**INFORMATION SUPPLIED**
━━━
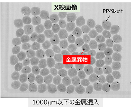 金属異物は25kgの1袋で評価しており、図1の右のX線画像は、評価した材料で金属異物が入っていると検知したペレットです。通常、押出前に設置することが多い磁石では、検知不可能な100μm-1mm長の金属異物も検知している例として示しております。
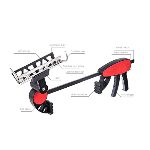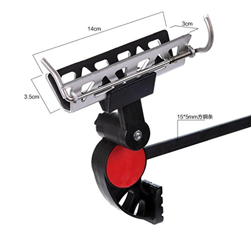 -. Feature : Novelty and multifunctional fishing bracket, use more convenient than similar product / Pull the steel bar to a proper position, press the trigger to fix the support easily, fixed range from 0-22cm/0-8.7inch, just press a small switch above trigger, can easily loose this bracket / Fishing rod rack has sensitive weight sensing, when put the rod, sP.R.Ing can automatically fix fishing rod immediately / Fixed clamp has anti-slip rubber pad, no matter what occasion it can keep stable / Rod holder equiped soft sponge pad to protect your rod
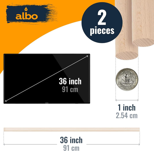 ALBO 1" x 36" Wooden Dowel Rods Set - 2 Pack Birch Natural Long Hardwood Craft Sticks Railings Supports Garden Structures Sanded Smooth Versatile Woodworking Furniture Decor DIY Projects
━━━
**YOUR OBJECTIVE**
Please retype the listing exactly, leaving out any images.

**COMPLETED EXERCISE**
 金属異物は25kgの1袋で評価しており、図1の右のX線画像は、評価した材料で金属異物が入っていると検知したペレットです。通常、押出前に設置することが多い磁石では、検知不可能な100μm-1mm長の金属異物も検知している例として示しております。
 -. Feature : Novelty and multifunctional fishing bracket, use more convenient than similar product / Pull the steel bar to a proper position, press the trigger to fix the support easily, fixed range from 0-22cm/0-8.7inch, just press a small switch above trigger, can easily loose this bracket / Fishing rod rack has sensitive weight sensing, when put the rod, sP.R.Ing can automatically fix fishing rod immediately / Fixed clamp has anti-slip rubber pad, no matter what occasion it can keep stable / Rod holder equiped soft sponge pad to protect your rod
 ALBO 1" x 36" Wooden Dowel Rods Set - 2 Pack Birch Natural Long Hardwood Craft Sticks Railings Supports Garden Structures Sanded Smooth Versatile Woodworking Furniture Decor DIY Projects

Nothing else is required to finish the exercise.